Lewis believes that his job was in jeopardy if he did not complete the purchase of Merrill Lynch and relies on verbal statements made at the time by Ben Bernanke, Federal Reserve Chairman, that if the deal was not completed then BofA management would be removed.
Merrill Lynch was valued at $50 billion at the time the deal commenced and rapidly lost over $30 billion in value when the stock-market crashed. BofA sought to terminate the negotiations but the Federal Reserve thought otherwise and, Lewis contends, forced BofA to complete the deal.
Not that BofA actually suffered financially since the US Government provided BofA with $20 billion in bailout money plus another $118 billion in loan guarantee funds.
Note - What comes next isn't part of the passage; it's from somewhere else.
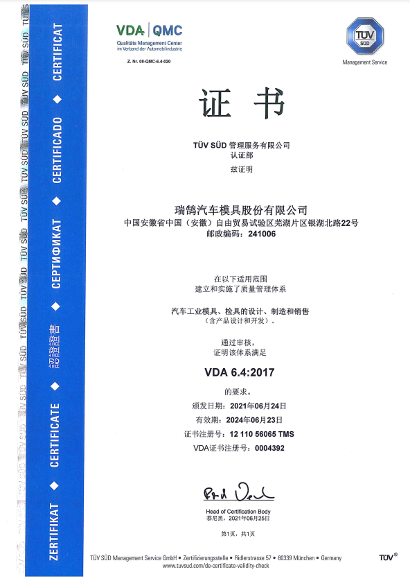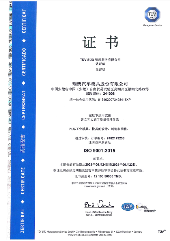 ????????瑞鵠汽車模具股份有限公司成立于2002年3月,坐落于中國(安徽)自由貿(mào)易試驗(yàn)區(qū)蕪湖片區(qū)銀湖北路 22 號,股本數(shù)18360萬,公司的主營業(yè)務(wù)為汽車沖壓模具、檢具及焊裝自動(dòng)化生產(chǎn)線的開發(fā)、設(shè)計(jì)、制造和銷售,主要產(chǎn)品有沖壓模具(覆蓋件模具、高強(qiáng)板模具)及檢具、焊裝自動(dòng)化生產(chǎn)線、一體化鋁壓鑄零部件,為國內(nèi)少數(shù)能夠同時(shí)為客戶提供完整的汽車白車身高端制造裝備、智能制造技術(shù)及整體解決方案的企業(yè)之一。

In addition, and as a result of the purchase, BofA had the exclusive use of the Merrill Lynch client base and the remaining assets on which to rebuild the Merrill Lynch brand.
What is somewhat surprising is the huge loss Merrill Lynch sustained given that it has always been Merrill Lynch's corporate policy to bet against their customers. Like any competent casino management, the house limits its liability by betting the market will act contrary to their clients bets, thus profiting as their clients lose money.
When Merrill Lynch urges customers to purchase $10 million of stock on the theory that the value will increase, Merrill's undisclosed corporate strategy is to bet the stock will lose value.
Regardless of market conditions, Merrill Lynch is still pitching to its customers that this is just a temporary downturn and the time to buy stocks is now. Consumers only buy stocks on the basis that the value is about to increase and so the sales pitch never varies even in the worst of times.
While the sale of corporate stocks may be vital in any economy, it seems akin to a criminal act to tell consumers today that their investment in the stock market is safe and will grow in value. Then again, anyone who believes that may not be in a sound state of mind.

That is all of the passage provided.